December 5, 2011 · Mustapha Hamoui

There are many negotiation situations in life in which one party possesses a very powerful weapon. That weapon is so devastating and destructive that the threat of deploying it should be enough for progress to happen in the talks. Nuclear weapons are the classic example of that.

Deciding to use the “nuclear option” is rare because it also hurts the party using it. It means that one side has completely given up and has decided that “everybody loses” is better than “we lose alone”. In Lebanon, however, it is starting to become a norm in political and industrial negotiations.

Last week alone witnessed two high stakes industrial-relation negotiations that resulted in a grounding of MEA flights for several days and a severe loss in electrical current production for Lebanon. By using their nuclear options of grounding planes and shutting down electricity factories, the pilots and the workers have lost the sympathies of many Lebanese.

Using the nuclear option is common in Lebanese politics too.
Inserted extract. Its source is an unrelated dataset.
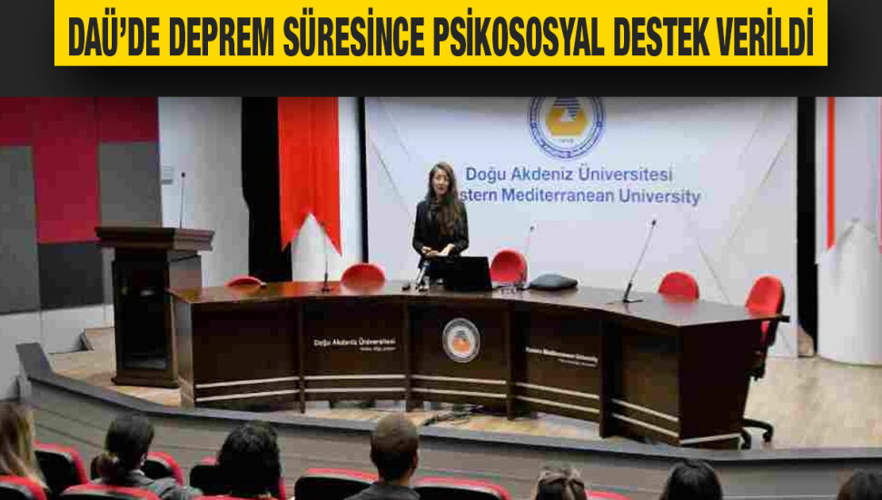 Doğu Akdeniz Üniversitesi’nde geçtiğimiz günlerde Psikolojik Danışman ve öğretmenlere yönelik gerçekleştirilen Psikolojik İlk Yardım çalışmalarının ardından 23 Şubat 2023 Perşembe günü, saat 11.00’de Mustafa Afşin Ersoy Salonu’nda DAÜ akademik ve yönetsel personele yönelik deprem sürecinde psikososyal destek ve öğrencilerle iletişim konusunda eğitim verildi.

The March 8 guys in particular revel in using their nuclear options of quitting cabinets, occupying city centers and releasing their armed men onto the streets of Beirut. The question is: Why do we so frequently employ the nuclear option in Lebanon?

I think Lama was on to something in her post on the MEA strike. This is how she describes the Actions of Mohammad Al Hout, MEA’s boss:

Al-Hout believes he is well-supported by politics and for some reason believes that he is the king of the MEA […]. His reactions, on an institutional level, seem exactly the same as those of any of the dictatorships we’ve been gaping at for the last year. Except instead of shooting at the protestors, he is threatening to fire them

Lebanon, on a micro Level, seems plagued by the same kind of inflexibility and intransigence that is now haunting Arab dictators. You would think that a bit more flexibility from those responsible would solve deadlocks, but even that is not guaranteed in a region where concessions are looked at as signs of weakness that should be followed by even more demands.

I really don’t know how we can solve this, as it seems we’re having an impasse with the system itself. Too bad we as citizens don’t have any nuclear option of our own.